Technologies

Background

Positron emission tomography (PET) is a non-invasive nuclear medicine imaging technique that produces a three-dimensional image of physiological processes and tissue microenvironments, which is used for diagnosing and/or treating diseases including cancer, heart disease, and brain abnormalities.
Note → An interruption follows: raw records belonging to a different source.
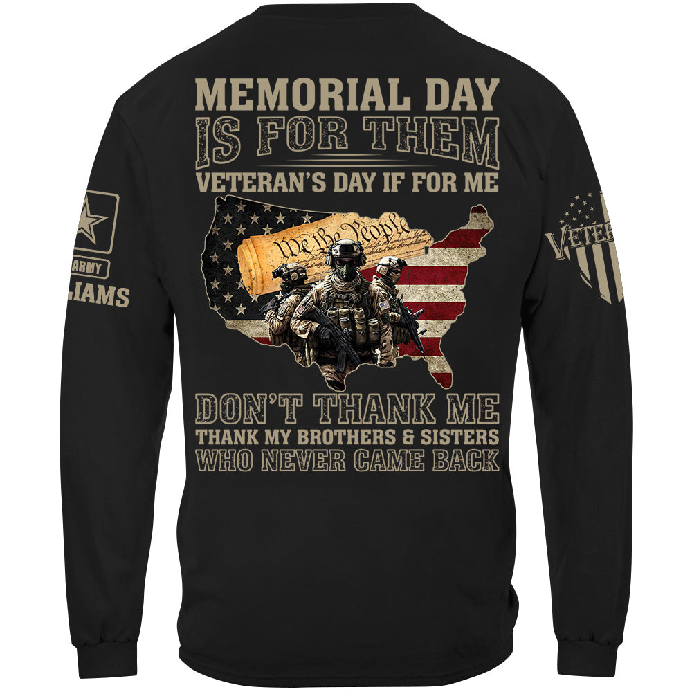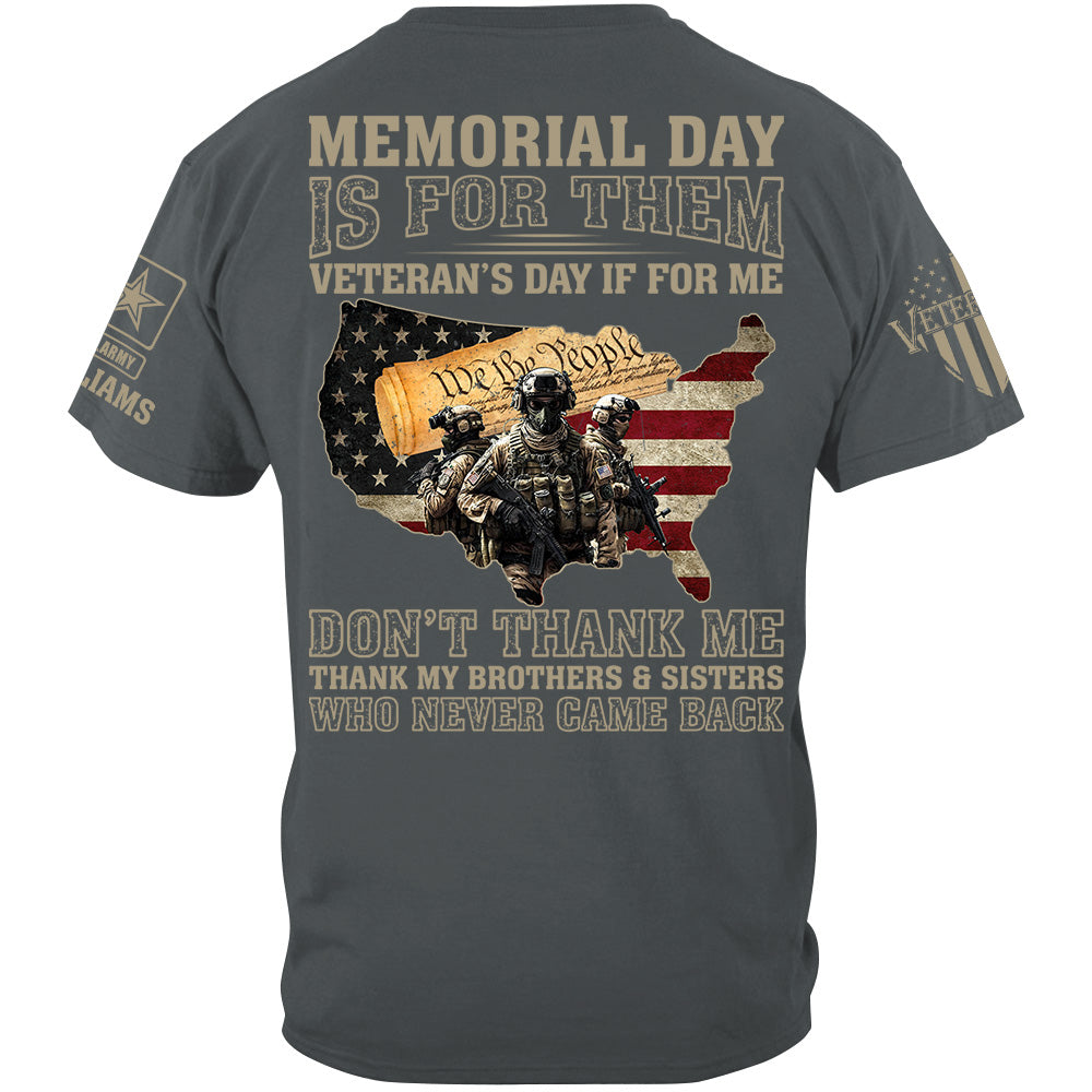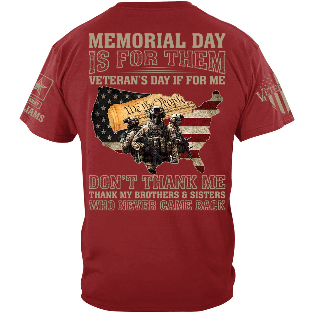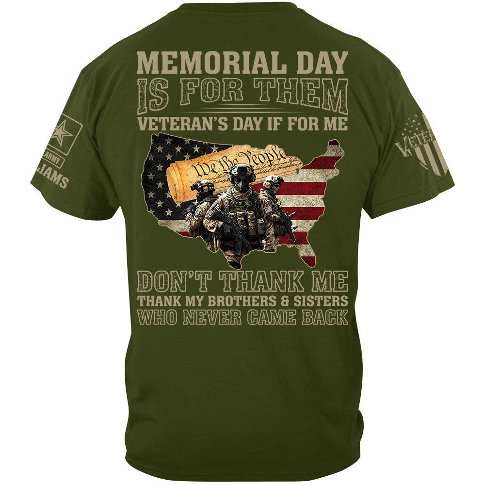 Memorial Day Is For Them Veteran's Day Is For Me Thank My Brothers Sisters Veteran Day Shirt Gift For Veteran H2511 Trna
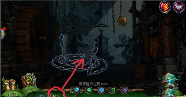 11、出来,用【带镣铐的链子】放在左边矮人上;再去点击左边的【矮人】,拉开右边机关的石板。
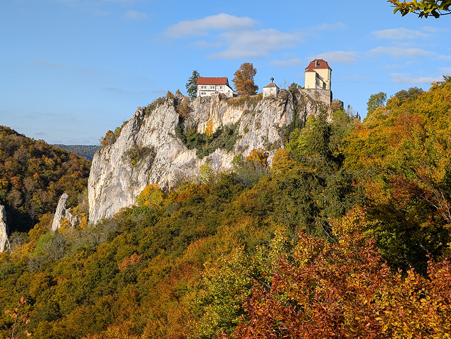 Sicher hat auch der Donauberglandweg stellenweise durchaus seinen Reiz. Vor allem jetzt im Herbst haben die einzelnen Waldabschnitte in den herbstlichen Farben eine unglaubliche Atmosphäre. Aber ein ähnliches Bild finde ich zu dieser Jahreszeit eben auch in der Pfalz und im Schwarzwald. Und vom Donautal mit seinen markanten Kalkfelsen bekommt man auf dem Donauberglandweg erst auf der letzten Etappe nach Beuron etwas zu sehen.

Traditionally, tumour imaging with PET relies on the use of the glucose analogue 2-deoxy-2-[18F]fluoro-D-glucose ([18F]FDG) as the imaging agent, which takes advantage of the characteristic overexpression of GLUT1 (a member of the family of facilitative hexose transport proteins known as GLUTs) in many cancerous cells.
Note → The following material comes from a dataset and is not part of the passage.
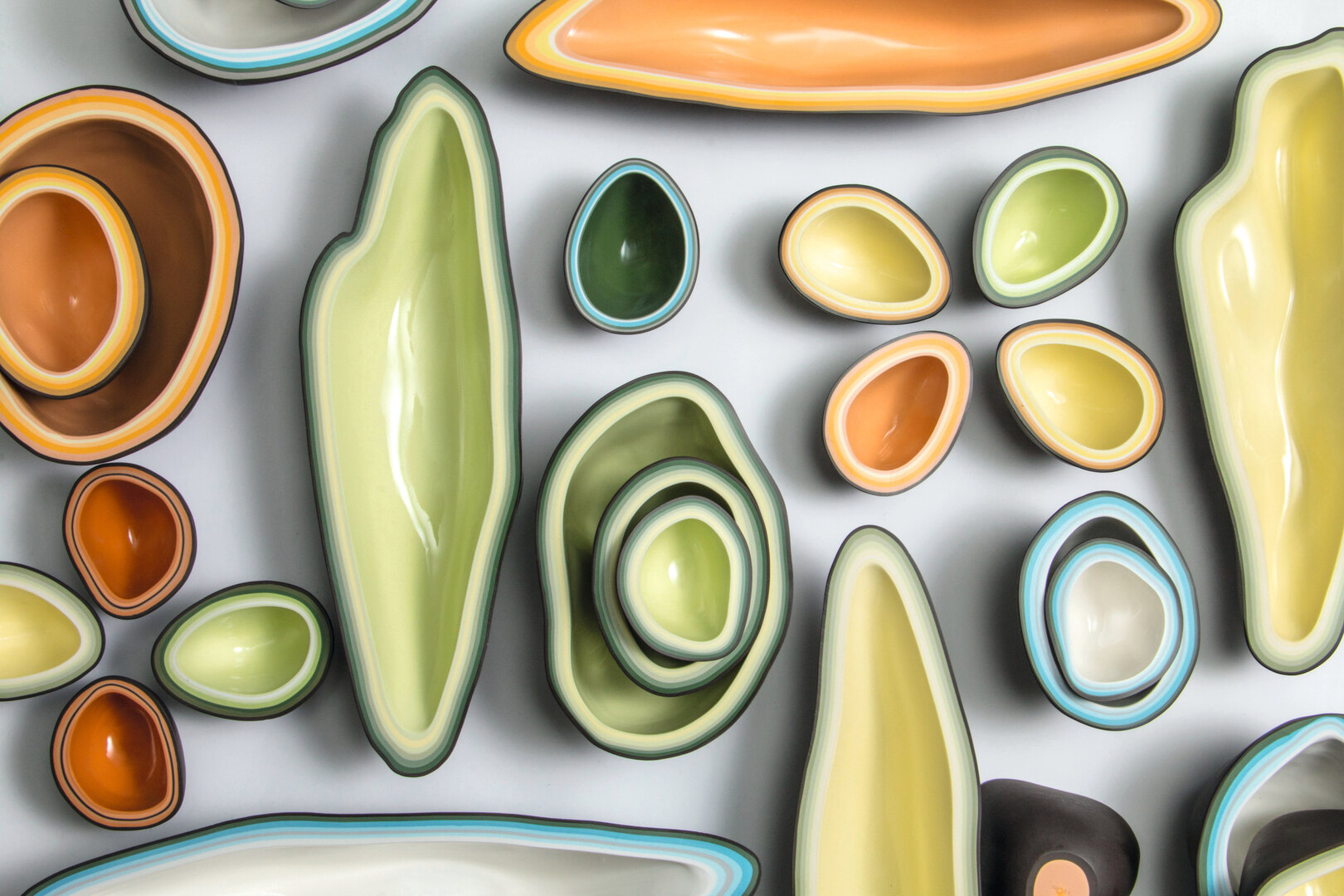 An asymmetric design language paired with a great diversity of colours lends these ceramic bowls their decorative character.

Unfortunately, [18F]FDG-PET is ineffective in the detection of small tumours and more differentiated subtypes, accumulates in areas of inflammation (due to the large uptake of [18F]FDG by immune cells), and therefore, generates false-positives, or poor resolution images in PET .

Additionally, certain tumours demonstrate low expression of GLUT1, and thus false-negatives may be observed due to low concentrations of [18F]FDG entering these cancerous cells.

Description

In breast cancer, the glucose/fructose transporter GLUT2 and the fructose transporter GLUT5 have been shown to be overexpressed in many breast tumours, suggesting that fructose-based analogues would be useful for the improved imaging of breast cancer.
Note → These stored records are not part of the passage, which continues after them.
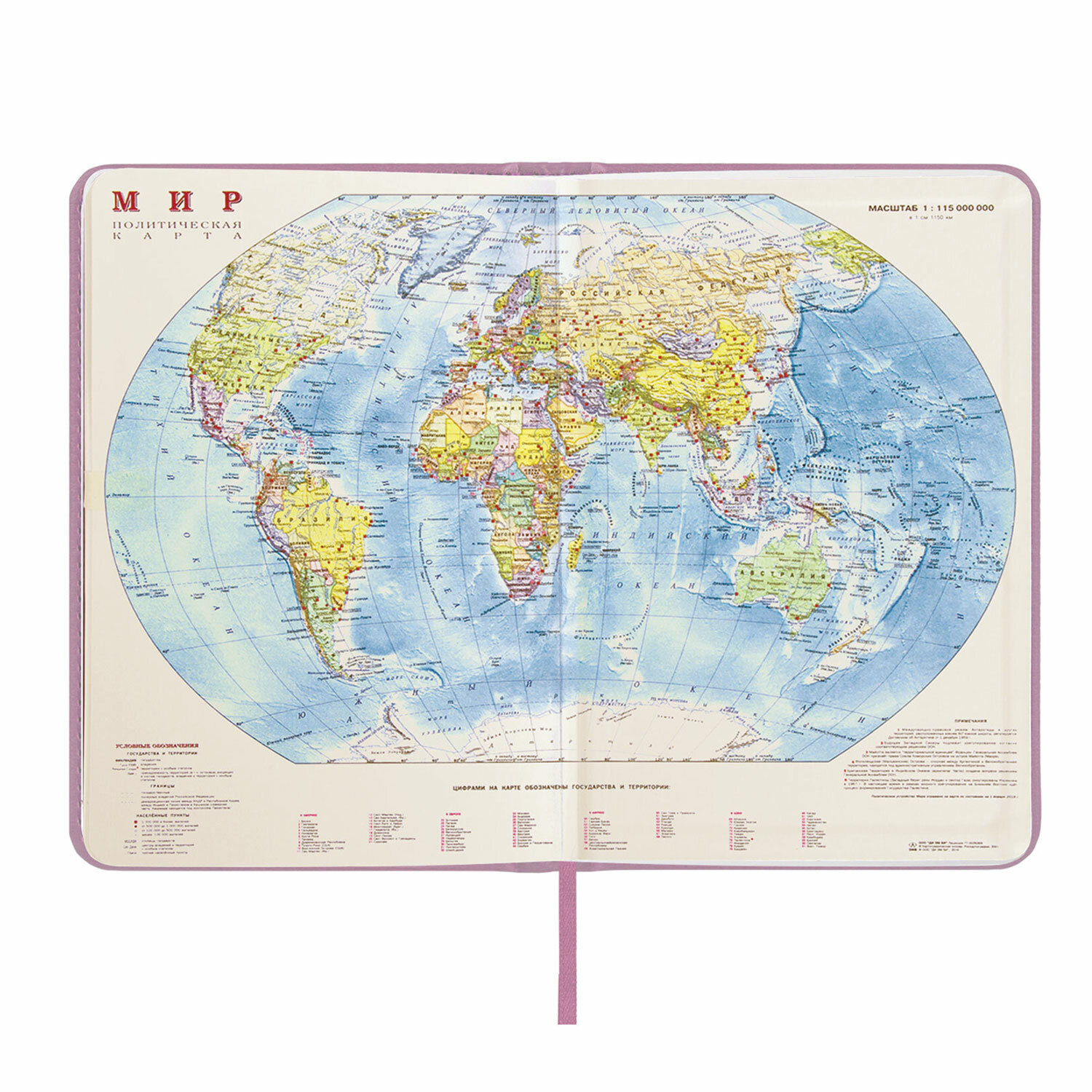 Материал обложки подходит для горячего тиснения. Форзац ежедневника представлен картами мира и России. Дополнением является закладка-ляссе, с помощью которой при необходимости можно быстро открыть ежедневник на нужной странице. Помимо прочего ежедневник снабжен обширным справочным материалом.
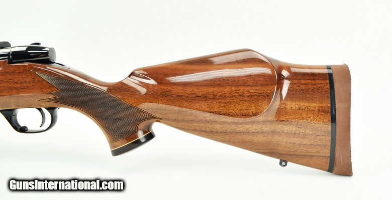 Description: Weatherby Mark V 300 WBY Magnum caliber rifle. U.S. made deluxe model in excellent condition with scope rings.
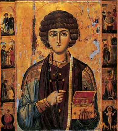 Завистники донесли императору о том, что Пантелеимон христианин. Юноша отказался отречься от веры, его приговорили к пыткам и казни. Верующие христиане обращаются к святому с просьбами о даровании здоровья родным, об исцелении души и тела.
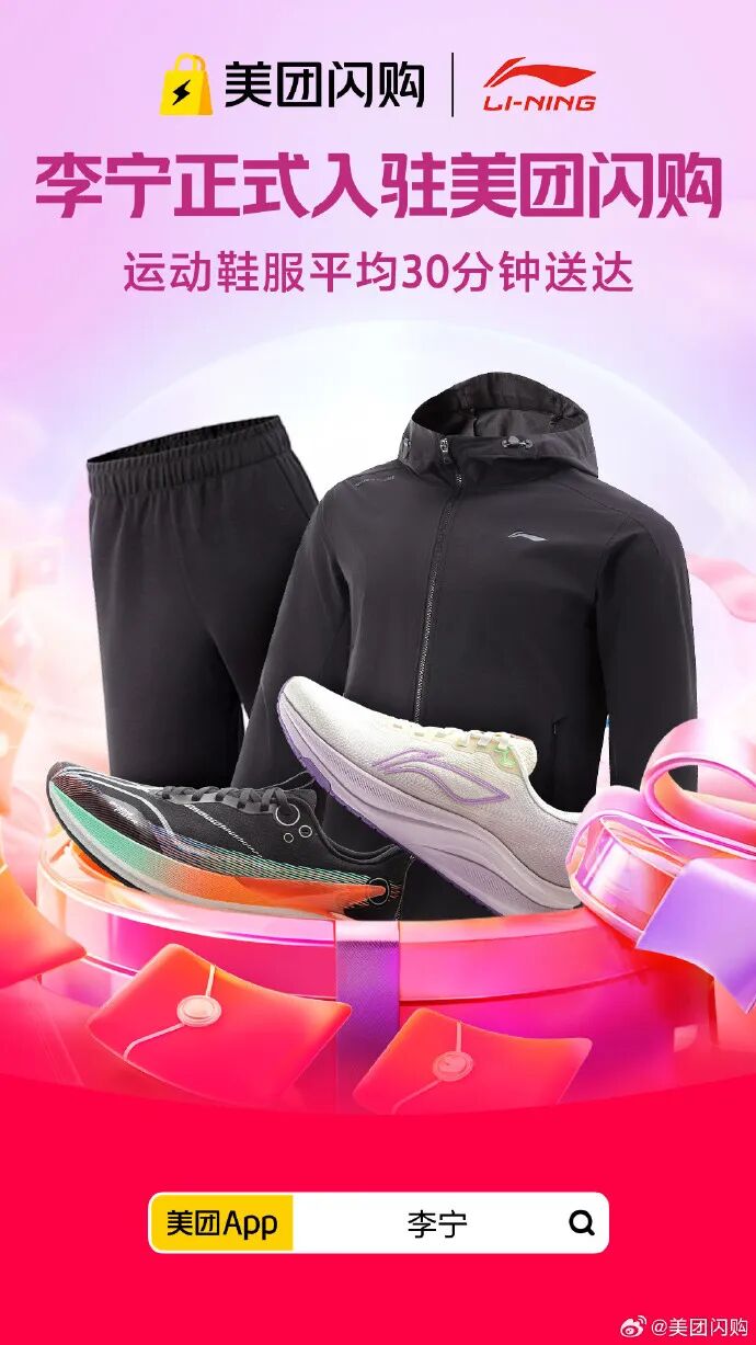 10月20日,美團閃購在微博上官宣了一個新消息:李寧官方正式入駐,全國近百座城市的近千家李寧門店,已同步上線美團閃購。也就是說,現(xiàn)在打開美團App,從跑步、籃球、綜訓(xùn)裝備,到羽毛球、乒乓球、戶外、網(wǎng)球甚至匹克球的服飾和器材,都能直接下單,最快半小時送到家——而且李寧YOUNG的童裝系列也一并上線了。

Dr. Chris Cheeseman and colleagues at the University of Alberta have recently designed and synthesized a new class of fluorinated fructose compounds. Such fructose-based radiopharmaceuticals have the potential to be used during in vivo PET imaging of breast cancer. One such compound, 6-deoxy-6-fluoro-D-fructose (6FDF), has been shown to be transported in vitro into two human, GLUT5 expressing breast cancer cell lines. Early in vivo trials using a GLUT 5 expressing murine breast cancer model have had promising results, with flank implanted tumours readily taking up [18F]6FDF.